Very few of us have the gift for blogging that Broker Bryant or Kristal Kraft have.  Just because we can put out 3 posts a day and get points for them, does not mean we should.  We need to keep our eyes on the real prize:  a referral, a new client, or even google pagerank.  Having a lot of points is POINTLESS if you haven't learned anything along the way, or shared something that helped others.

I am not saying that if you cannot blog as well as Kristal or Bryant that you shouldn't.  I like the learning aspect of ActiveRain.  I like that people are encouraging the newbie bloggers.  Its exciting to watch people's blogging skills improve. And I don't think the site has to be all serious and boring.

This week someone pointed out to me a blogger who is reposting his own old material, literally unchanged.  Why bother?  It wasn't even that good the first time.  Ahhh... the points.  I've seen tons of 4 sentence posts, banged out 3 in a row by bloggers who then disappear and don't seem to read what anyone else is writing.  Again, I don't get it.  Copy and paste from a news article--not acceptable.  That's not blogging its laziness and plagiarism.

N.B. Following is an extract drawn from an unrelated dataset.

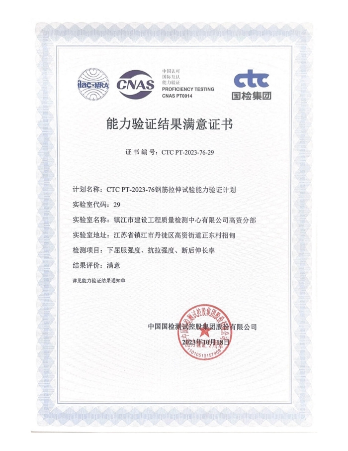 2023年08月04日,检测中心高资分部参加了由中国国检测试控股集团股份有限公司组织的钢筋拉伸试验能力验证计划(CTC PT-2023-76-29)。

I think Greg's point leaves me with a bigger message.  We have a responsibility to each other, and to the site owners, to keep this a site filled with quality bloggers.  Otherwise everyone gets dragged down.  The good bloggers will run off and stop posting here.  They'll move their great material on to their own separate blogs so they don't have to be so closely associated with the muck.  I've heard people muttering about just this behind the scenes in the last week or so.   But I don't want to see them leave!

I think there are a ton of great bloggers here.  I am proud to be associated with most of you.  Please, keep up the good work, because I love reading what you have to say.  This message is not about most of you.  And, most likely, those who it is about will never read it anyway.  But if you would like to send it on to anyone you think needs to read it, I am OK with that.